Segment Start: RECORDS FOR PROCESSING

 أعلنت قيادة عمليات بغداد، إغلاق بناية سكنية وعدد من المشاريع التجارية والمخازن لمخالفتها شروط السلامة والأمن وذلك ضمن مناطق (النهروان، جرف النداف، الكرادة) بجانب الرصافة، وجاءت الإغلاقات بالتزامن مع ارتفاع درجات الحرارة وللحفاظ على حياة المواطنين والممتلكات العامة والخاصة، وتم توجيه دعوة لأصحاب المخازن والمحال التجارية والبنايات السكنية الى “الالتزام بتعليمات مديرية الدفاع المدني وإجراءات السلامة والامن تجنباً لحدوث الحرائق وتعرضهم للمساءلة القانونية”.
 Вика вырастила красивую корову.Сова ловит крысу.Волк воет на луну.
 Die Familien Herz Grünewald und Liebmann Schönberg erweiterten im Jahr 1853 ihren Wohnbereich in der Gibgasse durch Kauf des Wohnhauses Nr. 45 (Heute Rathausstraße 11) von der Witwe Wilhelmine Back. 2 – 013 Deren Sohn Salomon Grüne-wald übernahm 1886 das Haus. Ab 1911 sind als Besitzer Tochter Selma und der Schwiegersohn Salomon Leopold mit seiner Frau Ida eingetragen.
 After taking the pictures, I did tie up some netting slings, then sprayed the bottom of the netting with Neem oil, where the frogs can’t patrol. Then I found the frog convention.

Segment End: RECORDS FOR PROCESSING
Segment Start: RECORDS FOR PROCESSING

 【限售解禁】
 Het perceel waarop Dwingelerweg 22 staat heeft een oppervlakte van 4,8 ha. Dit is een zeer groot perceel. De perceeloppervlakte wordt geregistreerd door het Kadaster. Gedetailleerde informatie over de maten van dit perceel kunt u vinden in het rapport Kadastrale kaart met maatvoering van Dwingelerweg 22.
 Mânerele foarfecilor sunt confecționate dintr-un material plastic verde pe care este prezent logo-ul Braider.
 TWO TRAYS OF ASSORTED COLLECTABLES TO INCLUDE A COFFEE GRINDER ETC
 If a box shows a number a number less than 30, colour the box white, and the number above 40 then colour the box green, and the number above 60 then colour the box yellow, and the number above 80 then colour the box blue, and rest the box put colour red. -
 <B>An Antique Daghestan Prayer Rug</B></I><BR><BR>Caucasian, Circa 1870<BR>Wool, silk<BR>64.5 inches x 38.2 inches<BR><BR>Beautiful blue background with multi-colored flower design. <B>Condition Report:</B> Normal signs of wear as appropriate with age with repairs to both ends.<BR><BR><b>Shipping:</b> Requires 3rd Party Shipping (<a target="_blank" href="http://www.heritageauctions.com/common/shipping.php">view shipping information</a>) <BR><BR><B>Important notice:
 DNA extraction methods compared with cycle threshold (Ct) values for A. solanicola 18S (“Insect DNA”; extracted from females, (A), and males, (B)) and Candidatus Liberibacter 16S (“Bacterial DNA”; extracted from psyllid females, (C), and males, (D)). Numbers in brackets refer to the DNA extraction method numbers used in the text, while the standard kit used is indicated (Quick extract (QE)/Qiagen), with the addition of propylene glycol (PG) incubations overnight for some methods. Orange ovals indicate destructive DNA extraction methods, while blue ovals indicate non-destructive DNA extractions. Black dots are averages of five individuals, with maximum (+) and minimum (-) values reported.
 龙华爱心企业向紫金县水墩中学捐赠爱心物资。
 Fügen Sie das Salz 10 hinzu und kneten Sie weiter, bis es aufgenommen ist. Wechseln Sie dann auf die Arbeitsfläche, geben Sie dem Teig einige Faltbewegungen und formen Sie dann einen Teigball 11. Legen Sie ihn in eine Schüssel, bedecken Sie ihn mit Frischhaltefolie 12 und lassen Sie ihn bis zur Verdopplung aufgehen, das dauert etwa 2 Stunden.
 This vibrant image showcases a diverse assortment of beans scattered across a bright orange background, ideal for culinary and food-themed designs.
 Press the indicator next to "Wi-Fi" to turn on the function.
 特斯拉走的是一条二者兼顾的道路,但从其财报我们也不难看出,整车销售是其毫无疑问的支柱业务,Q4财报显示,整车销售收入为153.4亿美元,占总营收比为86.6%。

Segment End: RECORDS FOR PROCESSING

• [EXERCISE]: Take the stretch of lines above from the one containing "TWO TRAYS OF" through the one containing "If a box shows" and repeat it exactly, adding no other line.

• [OUTPUT OF THE EXERCISE]:
 TWO TRAYS OF ASSORTED COLLECTABLES TO INCLUDE A COFFEE GRINDER ETC
 If a box shows a number a number less than 30, colour the box white, and the number above 40 then colour the box green, and the number above 60 then colour the box yellow, and the number above 80 then colour the box blue, and rest the box put colour red. -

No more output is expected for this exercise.